This trial is active, not recruiting.

Condition atherosclerosis
Treatments oral 17b-estradiol, placebo
Phase phase 2/phase 3
Sponsor University of Southern California
Collaborator National Institute on Aging (NIA)
Start date July 2004
End date December 2012
Trial size 643 participants
Trial identifier NCT00114517, AG0025, R01AG024154


The purpose of this study is to examine the effects of oral 17B-estradiol (estrogen) on the progression of early (subclinical) atherosclerosis and cognitive decline in healthy postmenopausal women.

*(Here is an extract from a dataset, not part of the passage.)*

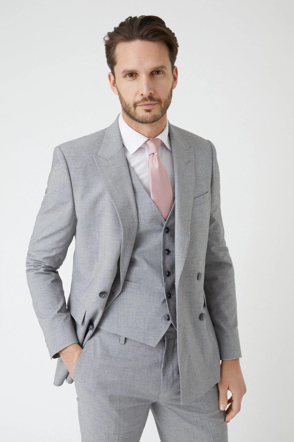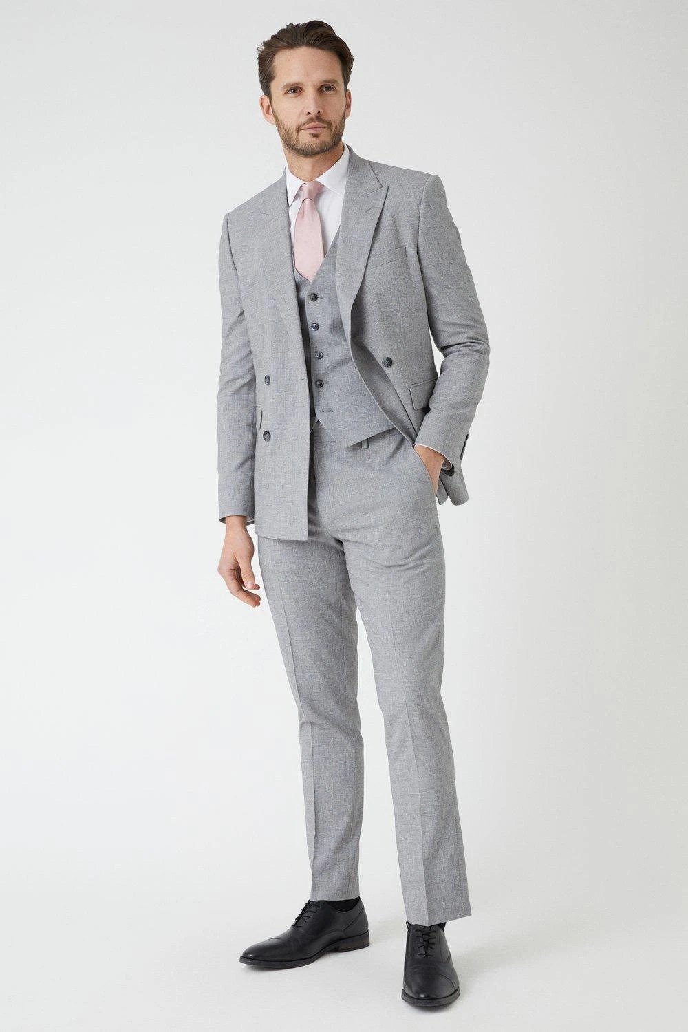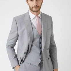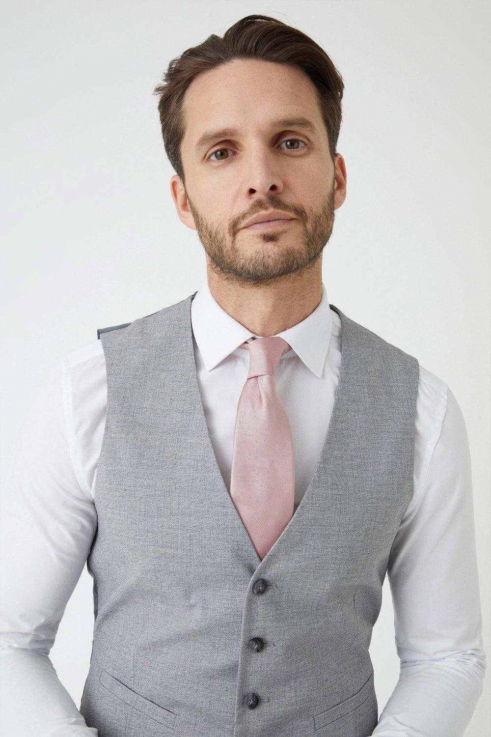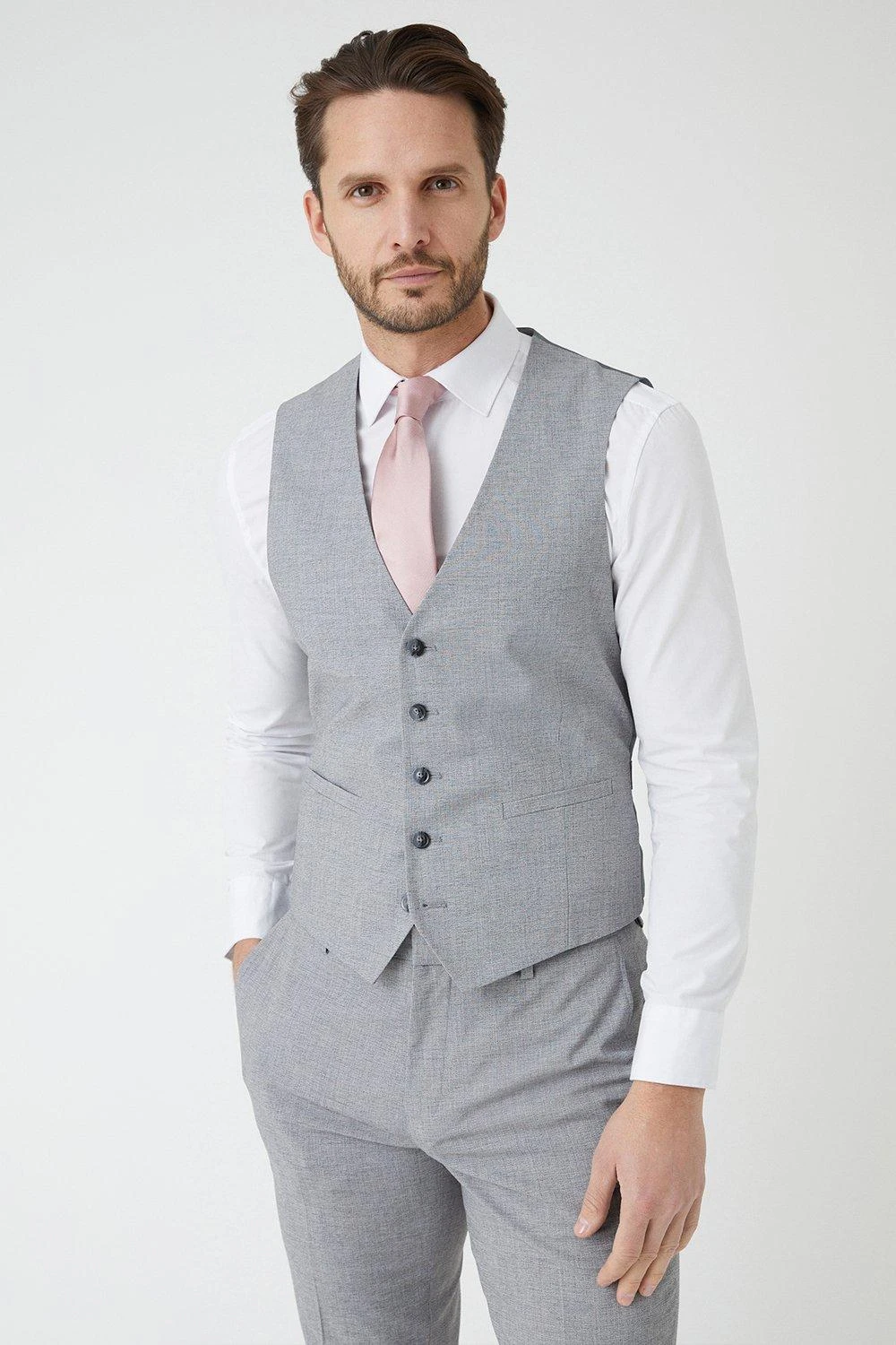 Established back in 1904, we’ve been providing you with great British style and timeless tailoring ever since. Featuring single and double breasted styles as well as classic and modern fits and patterns, our collection of mens suits will keep you on-trend with sharp tailoring, from season to season. Whether you’re suiting up for important meetings or you’ve got a special occasion coming up, we’ve got you sorted. Style: Slim Fit Light Grey Textured Waistcoat. Ideal for: Smart. Fit: Slim. Design: Single Button. Model wears size UK 10 and is 5′ 9″ tall.

United States No locations recruiting
Other countries No locations recruiting

Study Design

Allocation randomized
Endpoint classification efficacy study
Intervention model parallel assignment
Masking double blind (subject, caregiver, investigator, outcomes assessor)
Primary purpose prevention
(Active Comparator)
Oral 17B-estradiol 1 mg daily
oral 17b-estradiol Estrace
Oral 17B-estradiol 1 mg daily
(Placebo Comparator)
Matched placebo oral 17B-estradiol daily
Matched placebo oral 17B-estradiol

Primary Outcomes

rate of change of distal common carotid artery (CCA) far wall intima-media thickness (IMT)
time frame: Twice at baseline and then every 6 months on trial

Secondary Outcomes

neurocognitive function
time frame: Baseline and at 3 years and end of randomized treatment
cardiac computed tomography
time frame: End of randomized treatment

Eligibility Criteria

Female participants of any age.

Inclusion Criteria: - Women with a serum estradiol level 25 pg/ml or less - No period for 6 months or more - Postmenopausal less than 6 years, OR 10 years or longer Exclusion Criteria: - Clinical signs, symptoms, or personal history of cardiovascular disease - Women who have had a hysterectomy only and no oophorectomy (since time from menopause cannot be determined) - Diabetes mellitus or fasting serum glucose 140 mg/dL or greater - Uncontrolled hypertension (diastolic blood pressure 110 mmHg or greater) - Thyroid disease (untreated) - Serum creatinine greater than 2.0 mg/dL - Plasma triglyceride levels greater than 500 mg/dL - Life threatening disease with prognosis less than 5 years - Cirrhosis or liver disease - History of deep vein thrombosis or pulmonary embolism - History of breast cancer - Current hormone replacement therapy (HRT)

Additional Information

Official title Biologic Response of Menopausal Women to 17B-Estradiol
Principal investigator Howard N. Hodis, MD
Description The primary hypothesis to be tested is that 17B-estradiol (estrogen) will reduce the progression of early atherosclerosis if initiated soon after menopause when the vascular endothelium (lining of blood vessels) is relatively healthy versus later when the endothelium has lost its responsiveness to estrogen. Ultrasonography will be used to measure the rate of change in the thickness of the carotid artery and cardiac computed tomography (CT) will be used to measure coronary artery calcium and coronary artery lesions. The second hypothesis to be tested is that 17B-estradiol (estrogen) will reduce the progression of cognitive decline if initiated soon after menopause when healthy brain tissue remains responsive to estrogen versus later when brain tissue has lost its responsiveness to estrogen. A total of 643 (actual)(504, initially proposed) postmenopausal women were randomized according to their number of years since menopause, less than 6 years or 10 years or more, to receive either oral 17B-estradiol 1 mg daily or a placebo. Women with a uterus will also use vaginal progesterone gel 4% (or a placebo gel) the last ten days of each month. The vaginal progesterone will be distributed in a double-blind fashion along with the randomized treatment so that only women exposed to active treatment will receive active progesterone. As initially proposed, participants will undergo ultrasonography at baseline and every 6 months throughout the 2 to 5 years (average 3 years) of randomized treatment. Participants will also undergo cognitive testing at baseline and after 3 years of randomized treatment. The trial has been extended for an additional 2 to 2.5 years of randomized treatment (overall average randomized treatment of 5 years and range of 2 to 8.5 years). Ultrasonography will continue to be collected every 6 months and upon completion of randomized treatment, participants will undergo cardiac CT for coronary artery calcium and coronary artery lesion measurements. Participants will also undergo a third cognitive testing at the completion of randomized treatment.
Trial information was received from ClinicalTrials.gov and was last updated in June 2010.
Information provided to ClinicalTrials.gov by University of Southern California.